WHAT TO PRODUCE: Your task is to retype, exactly and only, the lines from the one containing "Verstellbares Schlafsofa mit" to the final line of the entries, leaving out all pictures.

━━ SOURCE MATERIAL

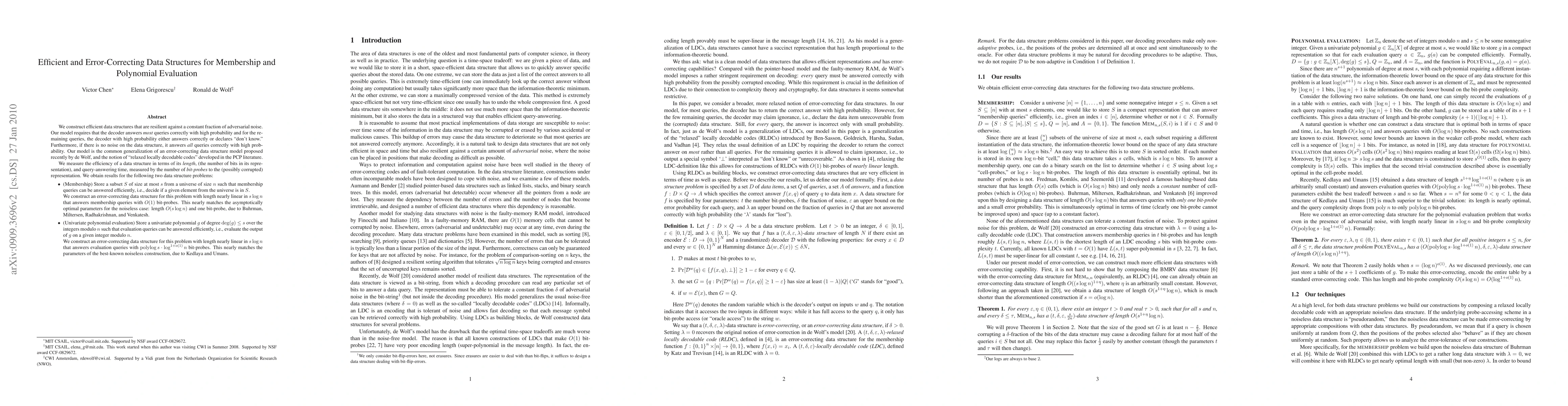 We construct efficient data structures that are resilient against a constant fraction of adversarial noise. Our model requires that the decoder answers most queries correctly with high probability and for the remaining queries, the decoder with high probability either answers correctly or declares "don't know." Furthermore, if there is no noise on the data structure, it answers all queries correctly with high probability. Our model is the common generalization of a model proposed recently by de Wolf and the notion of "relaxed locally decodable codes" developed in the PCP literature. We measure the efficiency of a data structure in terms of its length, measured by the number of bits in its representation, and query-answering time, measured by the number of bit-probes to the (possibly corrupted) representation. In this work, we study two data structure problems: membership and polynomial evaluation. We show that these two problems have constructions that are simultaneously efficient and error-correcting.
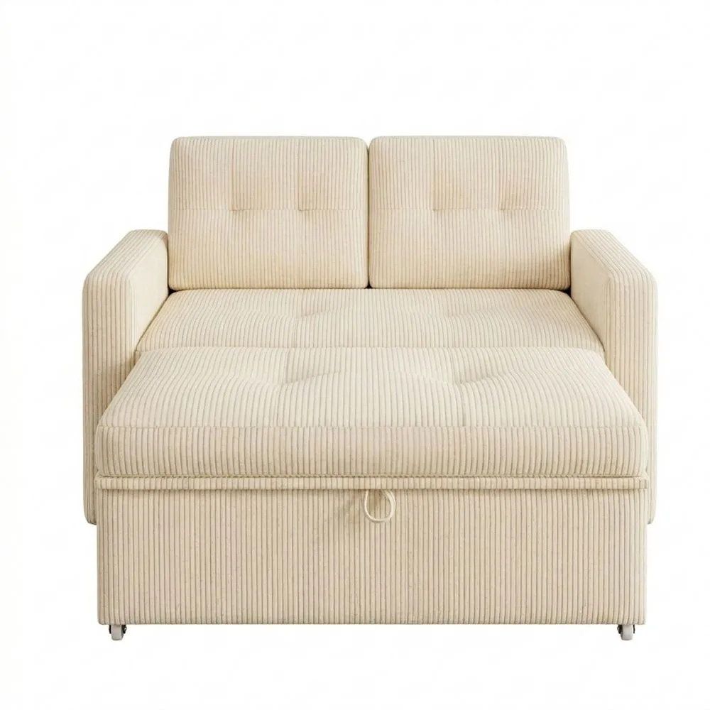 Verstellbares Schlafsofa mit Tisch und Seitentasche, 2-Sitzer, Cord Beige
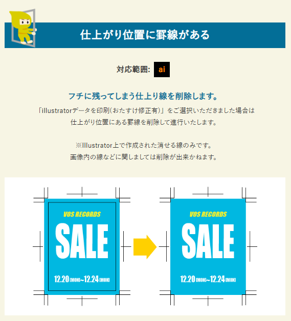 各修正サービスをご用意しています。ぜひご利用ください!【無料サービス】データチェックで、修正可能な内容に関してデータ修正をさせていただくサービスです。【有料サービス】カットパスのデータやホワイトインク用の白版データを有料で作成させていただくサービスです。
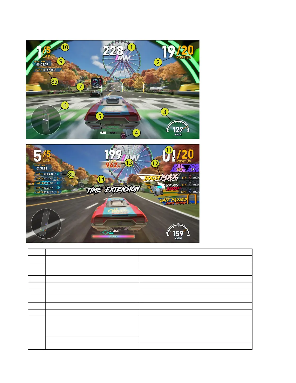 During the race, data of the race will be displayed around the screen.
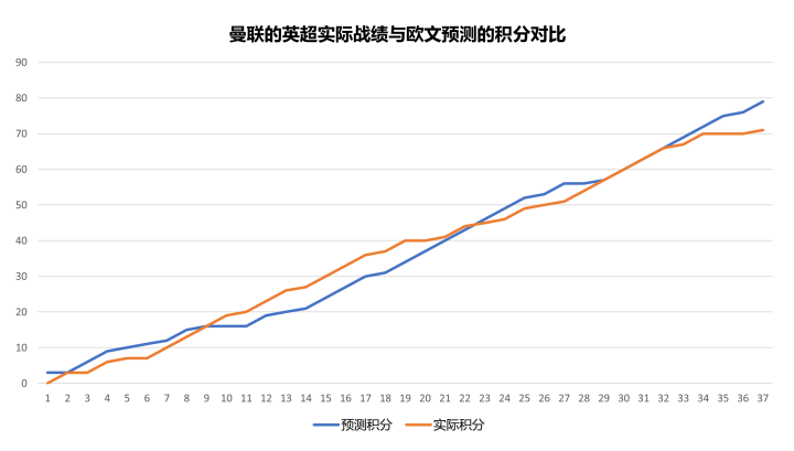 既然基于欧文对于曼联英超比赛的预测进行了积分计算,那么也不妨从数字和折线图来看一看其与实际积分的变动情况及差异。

━━━━

EXPECTED ANSWER:
 Verstellbares Schlafsofa mit Tisch und Seitentasche, 2-Sitzer, Cord Beige
 各修正サービスをご用意しています。ぜひご利用ください!【無料サービス】データチェックで、修正可能な内容に関してデータ修正をさせていただくサービスです。【有料サービス】カットパスのデータやホワイトインク用の白版データを有料で作成させていただくサービスです。
 During the race, data of the race will be displayed around the screen.
 既然基于欧文对于曼联英超比赛的预测进行了积分计算,那么也不妨从数字和折线图来看一看其与实际积分的变动情况及差异。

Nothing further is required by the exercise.